Also what book do you guys suggest for practical beekeeping? I mean the stuff that we do in our beeyards, beyond the beginners level. 
Thanks


----------



## Michael Bush (Aug 2, 2002)

>what book do you guys suggest for practical beekeeping?

Wicwas press has a lot of good books:
http://www.wicwas.com/

(I notice this link is not currently working. Hopefully it will be back up soon)


----------



## Jeffrey Todd (Mar 17, 2006)

Practical beekeeping? I would recommend, "The How-to Book of Beekeeping", by Richard Taylor.
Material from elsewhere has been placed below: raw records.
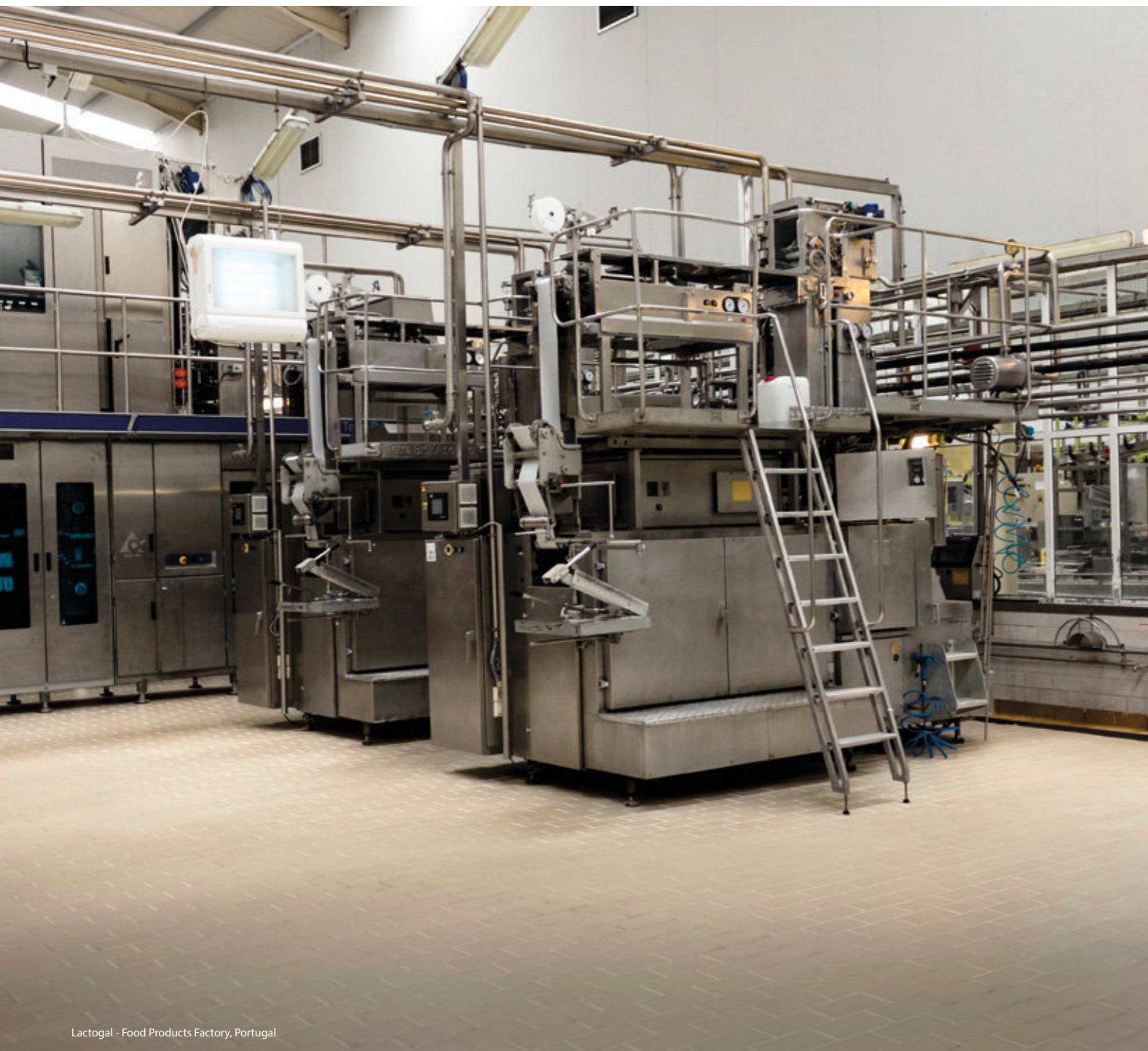
Lactogal - Food Products Factory, Portugal

Solution of maximum robustness and mechanical resistance that offers high resistance to stains and chemical agents, especially suitable for the most demanding spaces in terms of support of heavy loads and of resistance to use in general (for example, parking lots, supermarkets, transport interfaces, industry, laboratories, etc.).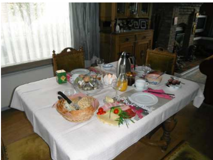
4 Comme à la maison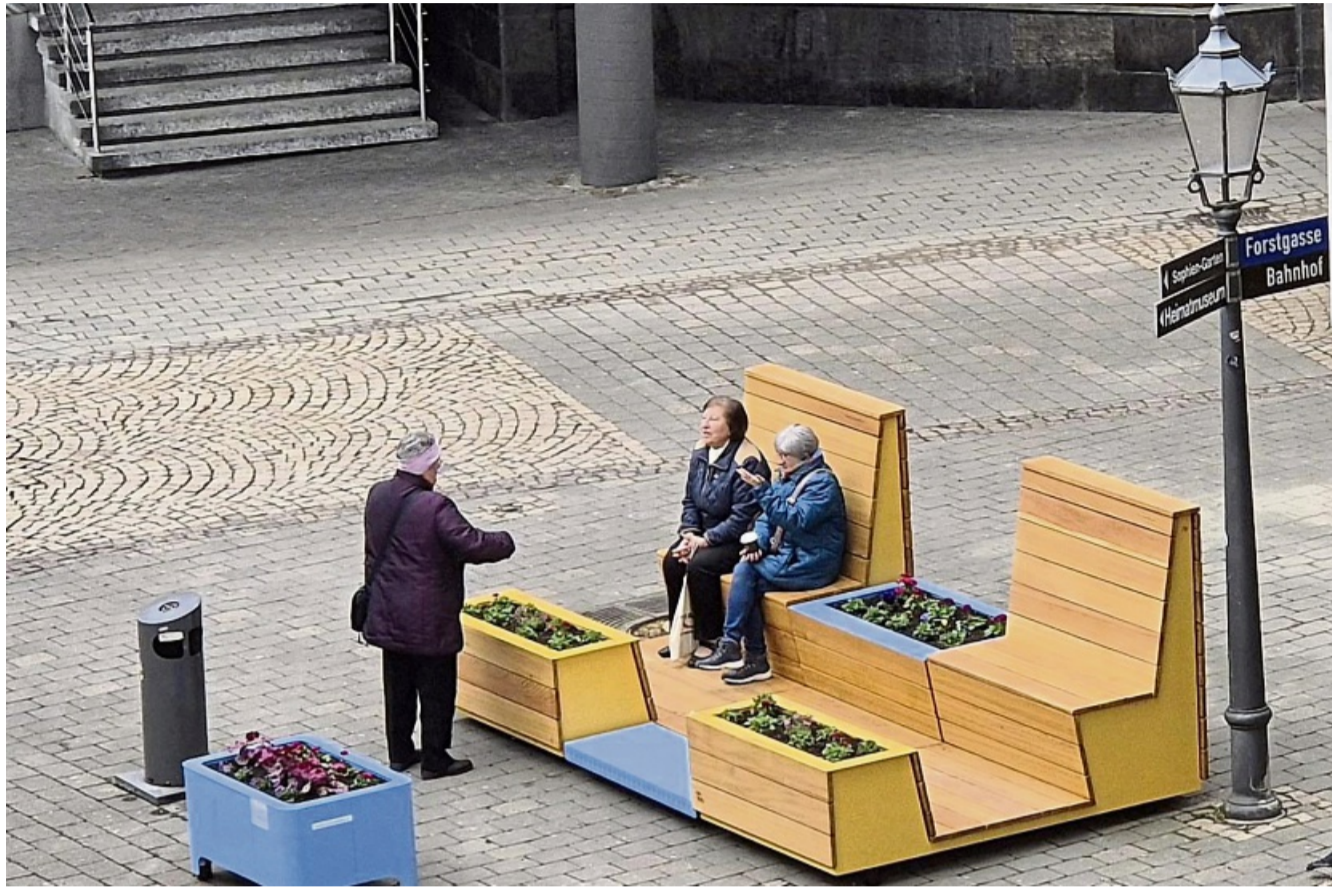
Wird von Anfang an gut angenommen: Das Sitzmöbel mit Bepflanzung an der Ecke Stad/Forstgasse ist fortwährend besetzt und dient der Kommunikation.

Es handelt sich um Leihmöbel, die mehreren Gemeinden in Hessen kostenfrei von der AGNH zur Verfügung gestellt werden. Unter dem Namen „Straßen neu entdecken“ ist dies ein Projekt des Hessischen Ministeriums für Wirtschaft, Energie, Verkehr, Wohnen und ländlichen Raum im Rahmen der Arbeitsgemeinschaft Nahmobilität Hessen zur Verbesserung der Aufenthaltsqualität und zur lokalen Stärkung des Fußverkehrs, heißt es vonseiten der Stadt Eschwege. „Die City-Decks-Möbel bieten eine erste Möglichkeit, den öffentlichen Raum auf eine neue Weise zu erleben“, berichtet die Sprecherin der Stadt Eschwege, Scarlett Grebestein. Diese Leihmöbel sollen bisher wenig attraktive Flächen mit Sitzgelegenheiten, Pflanzkübeln und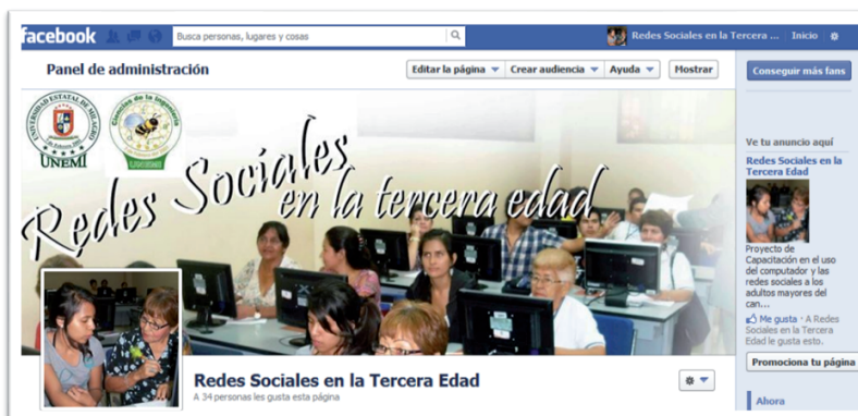
Imagen 3. Fan Page del proyecto.

Se llevó a cabo una encuesta de satisfacción, en las organizaciones que agrupan a los adultos mayores, participantes del proyecto. El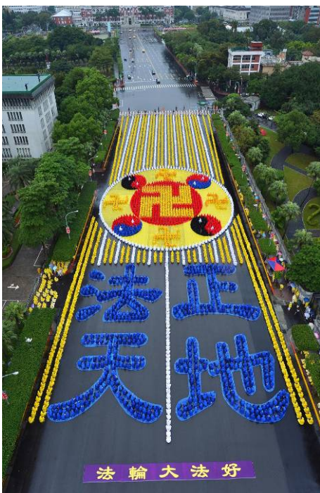
■2012年11月17日，6千名法轮功学员在台湾总统府前的广场排字

对于中国大陆法轮功学员惨遭无辜迫害，台湾与世界各地学员感同身受，经常举行大规模活动向各地民众讲述法轮功的真相，揭露中共邪恶迫害，启发人们的善念良知，呼吁各界人士共同制止这场残酷迫害。◇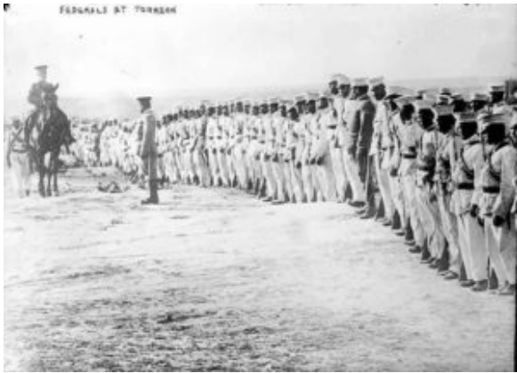
Generaal Huerta inspecteert zijn troepen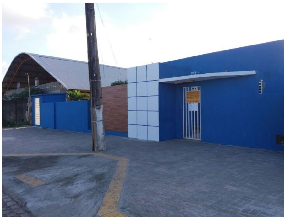
Reforma concluída da UBS Nova Natal (Depois)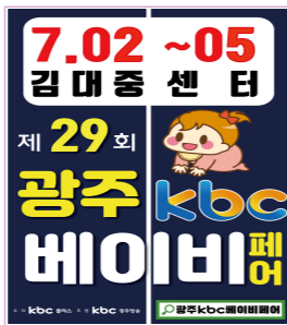
광주 전지역 200조 개첩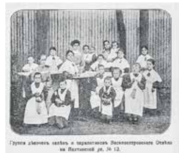
Воспитанницы приюта для детей-калек и паралитиков на Лахтинской ул., 10-12. Ок. 1890 г.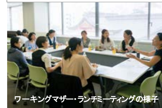
ワーキングマザー・ランチミーティングの様子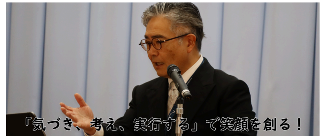
「気づき、考え、実行する」で笑顔を創る！

次に、校長先生から、令和8年度1学期の目標「気づき、考え、実行する！」について話がありました。以下はその内容です。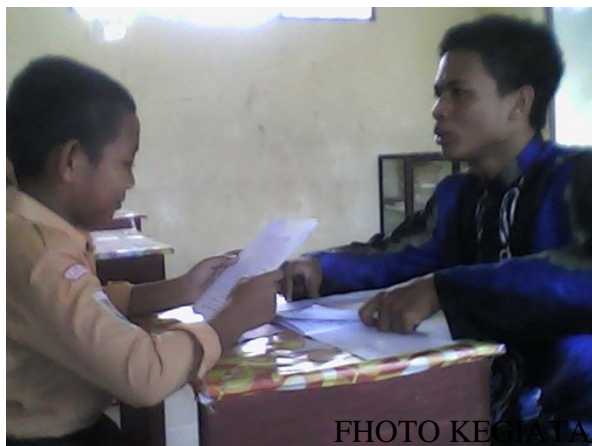
Wawancara Dengan Siswa Kelas VII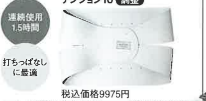
「スポーツ、仕事をしながら」(デラックスタイプ)ズレやゆがみを「調整」。腰に不安があるけれどスポーツをしたい、仕事をしなければならない人に。

「プロ仕様 自宅でセルフ調整」ズレやゆがみを「調整」。腰に不安があるけど忙しくてなかなか治療院に行けない人に。

He not only covers most of the essential tasks of beekeeping but exudes the joy that comes from doing all such "tasks".


----------



## balhanapi (Aug 22, 2006)

Amazon UK  has the book "Form and Function in the Honey Bee" for 27 pounds plus 8.99 shipping turns out to be approx 70 dollars. just wanted to share the info. 
Albert I tried to send you a PM but couldn't find the 'send PM' link..


----------



## Albert (Nov 12, 2006)

Balhanapi,

Not sure what a PM is or how it works.

You can e-mail me at: [email protected]

Peace,
Albert


----------



## beewhisper (Feb 17, 2007)

Hi Albert!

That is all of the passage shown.